*** Opening of Supplied data ***

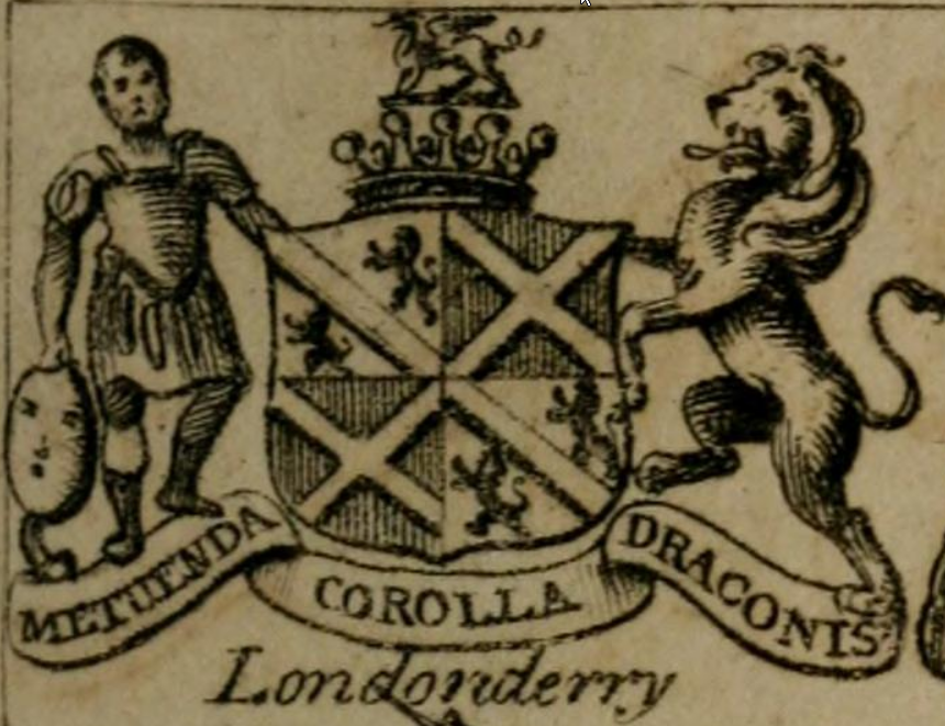 The arms of Robert Stewart Earl of Londonderry in 1808
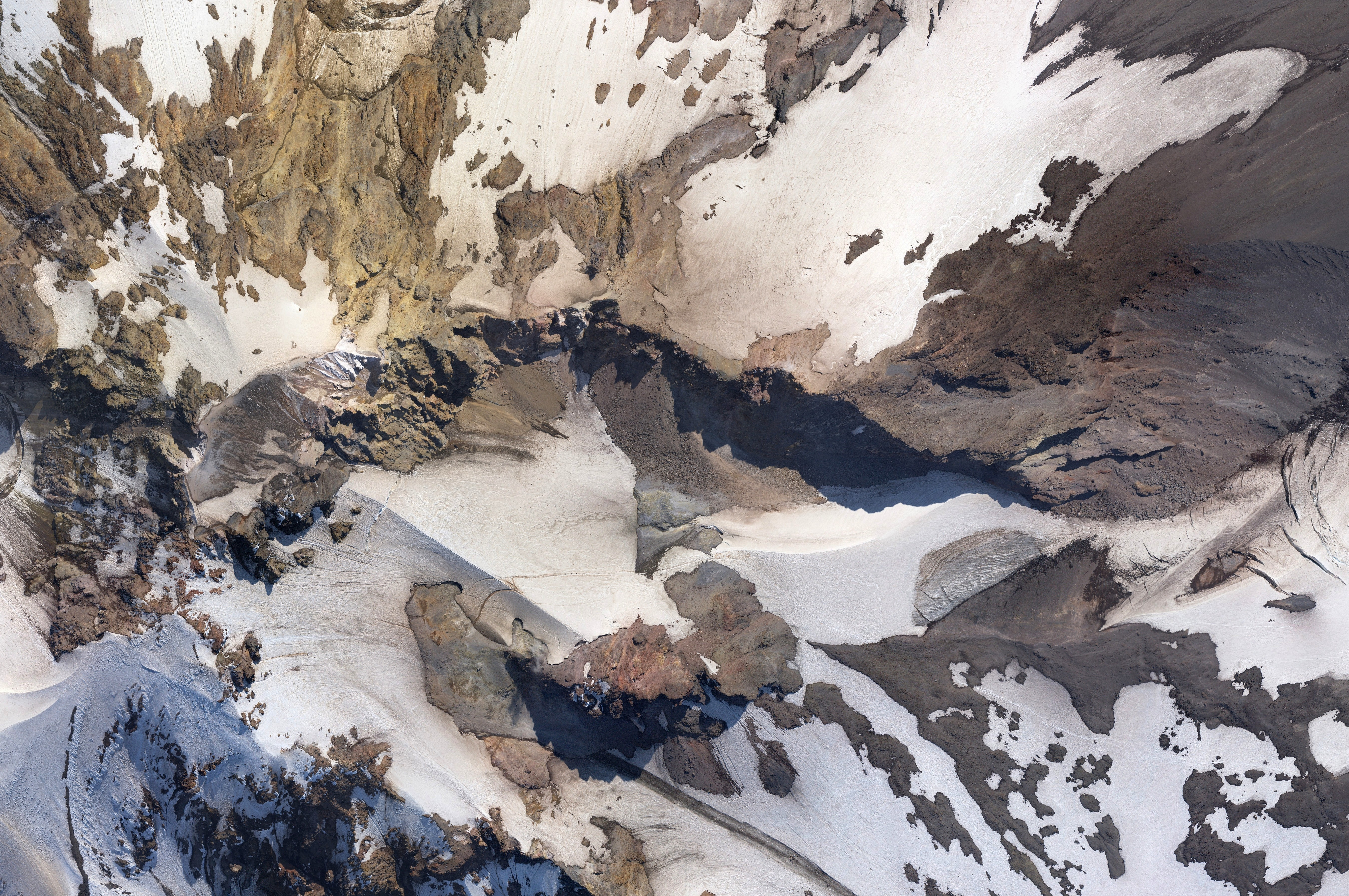 This is a panorama centered on the crater of Mt Hood in Oregon, showing the peak, sides, crazy rock formations, rocks fallen onto snow, the origins of rivers, volcanic activity, crevasses, the bergschrund on Coalman Glacier which has killed a few people, climbers, evidence of very risky snowboarding, and other interesting bits. North is left, camera elevation is more or less 4100 meters, compare to the summit which is 3429 meters. Panorama built out of 29 photos which were taken by airplane on 12 July 2009 around 17:45. I work for the company which does this in Portland and decided to build this image while waiting for some computations to finish. The 29 photos were picked out of about 10000 (yeah... pretty much the whole south side was photographed several times). Pre-crop panorama shows the top of the Palmer glacier with skiers all over it. Permission was given to put the image here. Again, photos not taken by me (taken automatically by a rig consisting of four computer controlled cameras, mind you). I did raw conversion with Raw Therapee and panorama assembly with Hugin. All manual, yay! Since the cameras move during photography and the mountain is by definition not flat, there is parallax and thus this image is not seamless. I've tried my hardest to hide errors but some parts of the image mismatch by as much as 425 pixels (though average is 16). I don't know how high the plane flew, but I do know that we've skimped on photographing our local mountain before because the peak isn't much lower than the plane's altitude (since the plane takes pictures moving, panoramas turn out the best when taken as far away from ground as possible). Missing from EXIF: Photos taken with ISO 800, 1/8000 s, f/5. 85 mm lens. Due to noise, I half sized images before loading into Hugin and less then half sized the 40 MB output for upload. If you're a prospective climber, avert your eyes. It's more fun when you don't know, believe me!
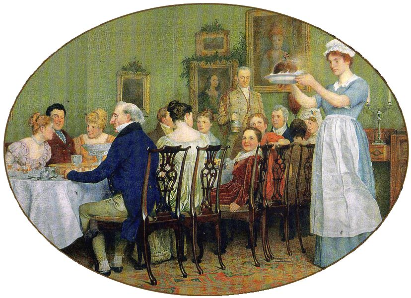 Victorian depiction of early 19th-century Christmas celebration, with servant carrying pudding to dining table.
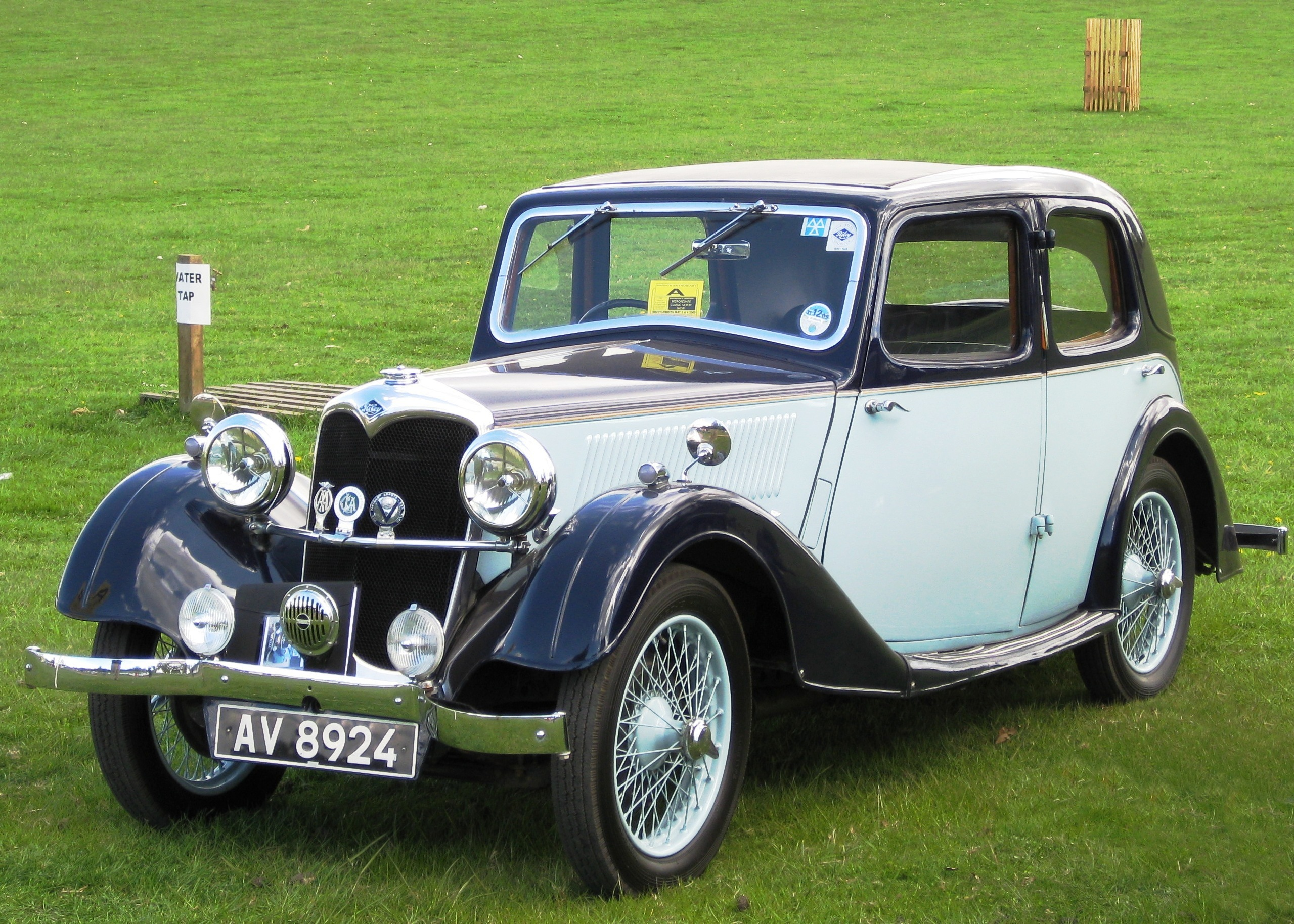 Small "Kestrel" bodied Riley saloon (1937) near Biggleswade(DVLA) first registered 6 June 1937, 1056cc

*** Close of Supplied data ***

After removing the pictures, restate the whole listing above word for word.

### Exercise result
 The arms of Robert Stewart Earl of Londonderry in 1808
 This is a panorama centered on the crater of Mt Hood in Oregon, showing the peak, sides, crazy rock formations, rocks fallen onto snow, the origins of rivers, volcanic activity, crevasses, the bergschrund on Coalman Glacier which has killed a few people, climbers, evidence of very risky snowboarding, and other interesting bits. North is left, camera elevation is more or less 4100 meters, compare to the summit which is 3429 meters. Panorama built out of 29 photos which were taken by airplane on 12 July 2009 around 17:45. I work for the company which does this in Portland and decided to build this image while waiting for some computations to finish. The 29 photos were picked out of about 10000 (yeah... pretty much the whole south side was photographed several times). Pre-crop panorama shows the top of the Palmer glacier with skiers all over it. Permission was given to put the image here. Again, photos not taken by me (taken automatically by a rig consisting of four computer controlled cameras, mind you). I did raw conversion with Raw Therapee and panorama assembly with Hugin. All manual, yay! Since the cameras move during photography and the mountain is by definition not flat, there is parallax and thus this image is not seamless. I've tried my hardest to hide errors but some parts of the image mismatch by as much as 425 pixels (though average is 16). I don't know how high the plane flew, but I do know that we've skimped on photographing our local mountain before because the peak isn't much lower than the plane's altitude (since the plane takes pictures moving, panoramas turn out the best when taken as far away from ground as possible). Missing from EXIF: Photos taken with ISO 800, 1/8000 s, f/5. 85 mm lens. Due to noise, I half sized images before loading into Hugin and less then half sized the 40 MB output for upload. If you're a prospective climber, avert your eyes. It's more fun when you don't know, believe me!
 Victorian depiction of early 19th-century Christmas celebration, with servant carrying pudding to dining table.
 Small "Kestrel" bodied Riley saloon (1937) near Biggleswade(DVLA) first registered 6 June 1937, 1056cc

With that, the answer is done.